Robot jumps sometimes | slam

abylikhsanov commented 4 years ago

Hi Carlos,

Sometimes during the localization the robot jumps very far away. Is that because I need to restrict the box search further down to avoid that?

Also, is it possible to update the map along the navigation? Because I have a very dynamic obstacle and I think I need to always refresh my map

carlosmccosta commented 4 years ago

Good afternoon,

The ICP registration algorithms try to find the least squares minimization between the distances of the corresponding points [sensor data -> map]. This means that objects that are not on the map, but in the sensor data are close to the map geometry, may cause the pose estimation to shift a small amount when the number of outliers is very significant.

To mitigate this issue, I developed the localization pipeline for running with a tracking configuration and a recovery configuration. This way, if you set the max_correspondence_distance to a low value (0.5 meters for example), then all the dynamic objects that appear in the sensor data that are farther than [max_correspondence_distance] in relation to the closest point in the map will be discarded, allowing the registration algorithms to rely on (hopefully) sensor data that belongs to the objects that are on the map.

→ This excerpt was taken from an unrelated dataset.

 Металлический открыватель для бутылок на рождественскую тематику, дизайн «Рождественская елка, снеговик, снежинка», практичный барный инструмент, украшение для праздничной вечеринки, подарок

The drawback of setting [max_correspondence_distance] to a value low, is that you need reliable and accurate odometry. If that is not the case, then [max_correspondence_distance] needs to be high enough for allowing ICP to find enough correspondences [sensor data -> map], otherwise it will not be able to estimate the robot pose.

If the odometry is not reliable only sporadically (wheel slippage for example), then you can set [max_correspondence_distance] to a lower value for normal operation and rely on the tracking_recovery_matchers for recovering from these cases (because a higher [max_correspondence_distance] is used).

Here are some examples:

If the robot is jumping very, very far away (several meters), then it is likely that the transformation_validators along with the tracking configurations that you are using detected that the robot was lost and tried to activate the recovery algorithms. If these failed to perform a point cloud registration that respects the transformation_validators_tracking_recovery, then the initial pose algorithms were triggered for finding the initial pose of the robot on the map (which means drl can place the robot anywhere on the map that best fits sensor data -> map).

If you do not want the robot to jump very far and don't mind providing its initial pose using rviz when the system starts, then I recommend disabling the initial pose estimation algorithms (just comment the associated yaml file) and confirm that it is not being loaded into the parameter server.

Otherwise, you can tune transformation_validators to accept point cloud registrations with more outliers and also tune the tracking and recovery configurations to only activate the initial pose estimation algorithms after a longer time and after more attempts were made to find the robot pose.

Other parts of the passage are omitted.